DATASET:
■ ■ ■ ■
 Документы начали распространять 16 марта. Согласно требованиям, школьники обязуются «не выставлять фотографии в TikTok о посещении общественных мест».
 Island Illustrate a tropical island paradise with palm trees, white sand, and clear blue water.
■ ■ ■ ■
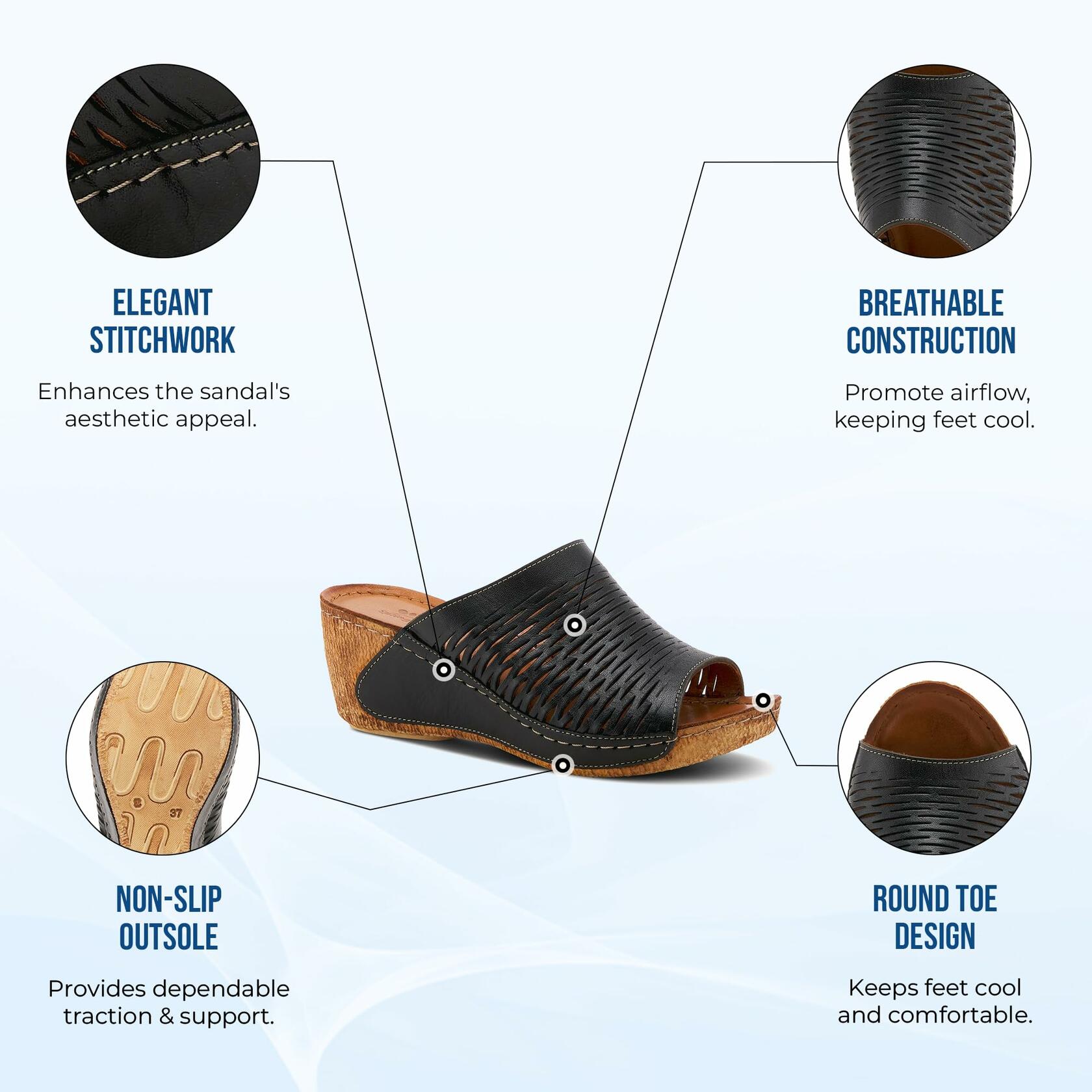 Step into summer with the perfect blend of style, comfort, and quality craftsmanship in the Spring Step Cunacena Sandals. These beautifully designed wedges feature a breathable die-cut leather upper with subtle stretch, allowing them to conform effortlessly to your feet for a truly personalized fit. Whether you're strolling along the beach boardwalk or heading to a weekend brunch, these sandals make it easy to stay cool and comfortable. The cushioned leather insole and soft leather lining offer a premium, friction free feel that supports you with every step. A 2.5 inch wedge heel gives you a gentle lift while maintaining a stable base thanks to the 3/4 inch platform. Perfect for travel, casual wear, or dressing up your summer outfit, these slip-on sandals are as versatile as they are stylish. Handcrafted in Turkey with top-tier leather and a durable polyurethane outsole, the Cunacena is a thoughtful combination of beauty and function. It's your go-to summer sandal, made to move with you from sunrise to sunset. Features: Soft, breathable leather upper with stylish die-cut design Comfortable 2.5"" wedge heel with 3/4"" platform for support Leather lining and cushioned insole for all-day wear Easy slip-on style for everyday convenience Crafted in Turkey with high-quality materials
■ ■ ■ ■
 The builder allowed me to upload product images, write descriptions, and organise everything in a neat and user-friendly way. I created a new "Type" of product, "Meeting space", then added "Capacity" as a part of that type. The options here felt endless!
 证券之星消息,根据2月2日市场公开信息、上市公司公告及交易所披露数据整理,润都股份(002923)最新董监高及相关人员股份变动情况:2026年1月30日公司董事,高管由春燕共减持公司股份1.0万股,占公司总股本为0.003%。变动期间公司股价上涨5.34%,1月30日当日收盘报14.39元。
■ ■ ■ ■
TASK DESCRIPTION:
An exact, complete copy of the lines above from the one with "Документы начали распространять" through the one with "Island Illustrate a" is the whole answer.

THE COMPLETED TASK:
 Документы начали распространять 16 марта. Согласно требованиям, школьники обязуются «не выставлять фотографии в TikTok о посещении общественных мест».
 Island Illustrate a tropical island paradise with palm trees, white sand, and clear blue water.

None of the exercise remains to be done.